The average stimulation amplitude was higher in Experiment 2 than Experiment 1, and the average amplitude increased across the duration of Experiment 2. Rats who received stimulation in Experiment 2 were being stimulated more frequently and more regularly than rats in Experiment 1. This increase in stimulation sessions could have led to an increased inflammatory response or scar tissue buildup that necessitated a higher amplitude to achieve motor contractions due to higher tissue resistance.
Future research to replicate or extend this study with a higher number of animals could lead to more conclusive results. Inclusion of intact, cycling rats would allow for a direct comparison to normal behavior across the estrus cycle.31 To ensure more consistent stimulation, chronic nerve cuffs could be surgically implanted on the tibial nerve.32 Additionally, related studies could examine the effect of tibial nerve stimulation on circulating hormone levels to determine if stimulation is leading to an increase in progesterone synthesis. An increase in hormone production in response to nerve stimulation at other locations has been documented31,33 and could explain the increase in sexually receptive behavior over time that we observed here. The cortical effects of stimulation can also be studied by looking at c-fos activation in the estrogen-containing regions of the brain in response to tibial stimulation.29
Conclusion
In our study we observed that a combination of electrical stimulation of the tibial nerve and hormone priming led to a non-significant immediate effect of increasing sexual motivation but not receptivity. When this combined therapy was applied across weeks, there were increases in sexual motivation and stronger increases in sexual receptivity. These trends suggest that long-term tibial nerve stimulation could be a useful treatment modality for treating female sexual dysfunction, especially in post-menopausal populations receiving hormone replacement therapy.
Acknowledgements
We thank Dr. Katie Yoest, Sara Bender-Bier, and Alex Ramer for their assistance in setting up this study. This study was funded in part by a fellowship from the Eunice Kennedy Shriver National Institute of Child Health & Human Development of the National Institutes of Health (F31HD094480).
Footnotes
Source of Financial Support: This research was supported by an NIH NICHD predoctoral fellowship to LLZ (F31HD094480) and institutional funds.

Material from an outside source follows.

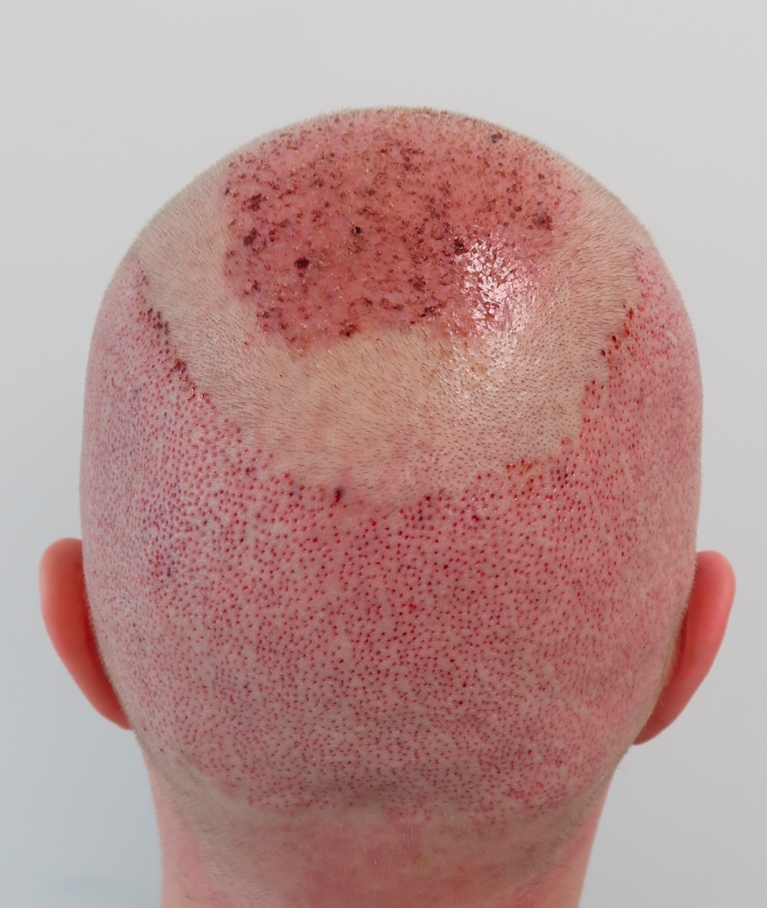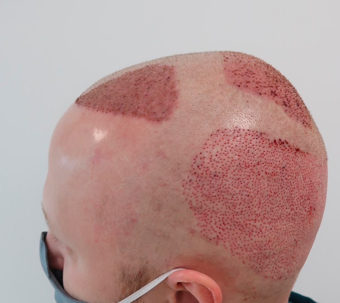 Ich hatte 1200-1300 Transplantate für jede kahle Stelle und etwa 1800 Transplantate für die Krone.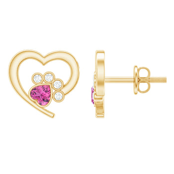 Sold out - 1/2 CT Heart Shape Pink Tourmaline and Diamond Dog Paw Stud Earrings+sp.priceRaw ? 'price price--on-sale' : 'price'">

Authorship Statements: Dr. Zimmerman, Dr. Becker, and Dr. Bruns designed the study. Dr. Zimmerman and Dr. Bruns obtained funding for the study. Dr. Zimmerman, Mr. Mentzelopoulos, Ms. Parrish, Mr. Marcu, and Mr. Luma performed the experimental sessions. Dr. Zimmerman, Mr. Mentzelopoulos, Ms. Parrish, and Mr. Marcu analyzed the data. Dr. Zimmerman and Dr. Bruns drafted the manuscript. All authors reviewed and approved the final manuscript.
Conflict of Interest Statement: The authors declare no conflicts of interest.